Semi - Digital Disputation
Due to the pandemic and the worldwide travel restrictions, the Disputation will be held semi - digital. An Audience is welcome to attend the Trial lecture and Disputation (physical attendance) in the Department after registering below. There is a limited seating capacity and the registration will be closed with no further notice, when the capacity limit has been reached. Only those who sign up are allowed physical attendance.
The Disputation will be live streamed for everyone else.
The livestream will be activated 15 minutes before the Defence starts.
NB! Ex Auditorio questions can only be asked by Audience present in the Auditorium.

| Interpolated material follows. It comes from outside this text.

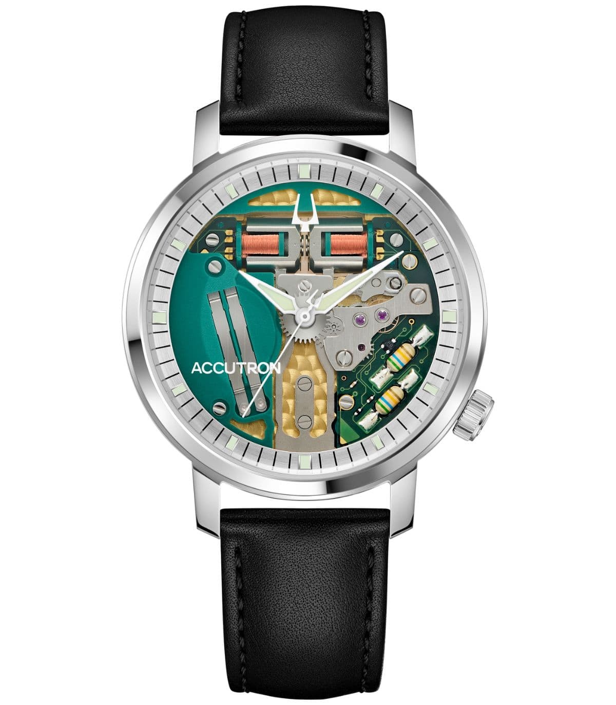 Orologio Bulova Accutron Spaceview 314 26A211 unisce avanguardia tecnica e uno stile subito riconoscibile. Al suo interno batte l’elettronico Diapason al quarzo Accutron Calibro 314, evoluzione contemporanea del leggendario sistema a diapason, che assicura precisione e costanza di marcia. Il quadrante aperto mette in mostra l’architettura del movimento, mentre il fondello in vetro zaffiro rivela finiture d’alta scuola come perlage e Côtes de Genève.

Order the Dissertation as PDF from this email address with the name of the Candidate: a.c.gartner@kjemi.uio.no
Printed Dissertations will be available in Auditorium 1.
Registration for local attendance
Trial lecture
11th. of Sept. 10:15 AM, Auditorium 2
‘Controlling the Morphology of Block Copolymer Micelles’

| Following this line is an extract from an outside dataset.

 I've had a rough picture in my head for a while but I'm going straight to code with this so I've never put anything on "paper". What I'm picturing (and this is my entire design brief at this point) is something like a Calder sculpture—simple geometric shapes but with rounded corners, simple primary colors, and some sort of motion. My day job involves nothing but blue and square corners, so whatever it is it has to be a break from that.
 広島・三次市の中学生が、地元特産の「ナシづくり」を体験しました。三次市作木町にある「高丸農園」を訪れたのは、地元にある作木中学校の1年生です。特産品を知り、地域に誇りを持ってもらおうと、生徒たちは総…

The livestream of the lecture will be activated 15 minutes before the Trial lecture starts.
Conferral summary
Self-assembly – «selv-bygging» - er en mulighet for å lage nanopartikler av ulike typer. Molekylene er «programmert» for å bygge større nanostrukturer av seg selv, uten menneskelig påvirkning. Dette kan brukes i forskjellige anvendelser, fra medisin til ingeniørvitenskap.

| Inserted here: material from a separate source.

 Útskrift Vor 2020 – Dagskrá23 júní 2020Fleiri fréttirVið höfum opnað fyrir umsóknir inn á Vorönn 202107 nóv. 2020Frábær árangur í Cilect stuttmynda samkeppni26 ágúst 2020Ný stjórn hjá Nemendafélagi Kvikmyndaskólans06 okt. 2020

I denne avhandlingen har vi sett på hvordan molekylene beveger seg når de er satt sammen i forskjellige nanostrukturer og hvordan molekylære interaksjoner påvirker hvordan molekylene kan frisettes fra disse.
Main research findings
Self-assembly represents an easy way to create large quantities of various kinds of nanoparticles. Small molecules are “programmed” to self-organize into nanostructures, without external manipulation. These nanostructures are of great commercial interest, not only as drug delivery vehicles but also as components of complex fluids, cleaning materials and other everyday products. In this dissertation, we investigated fundamental laws governing self-assembly. As a model system, we used amphiphilic polymer molecules carrying both water-repellent and water-compatible blocks, which spontaneously self-organize into so-called “micelles” when dispersed in water. We then examined how the self-assembly of these micelles was affected when we blended polymers of different length or when we let them crystallize. We also discovered a new mechanism how molecules move between different micelles. The results of this thesis will help to create more kinds of useful nanoparticles in the future. In addition, we investigated self-assembled structures, so-called “fibers”, of an antimicrobial peptide, a potential new antibiotic. The fibers proved to be extraordinarily stable which is helpful insight for the further development of this drug candidate.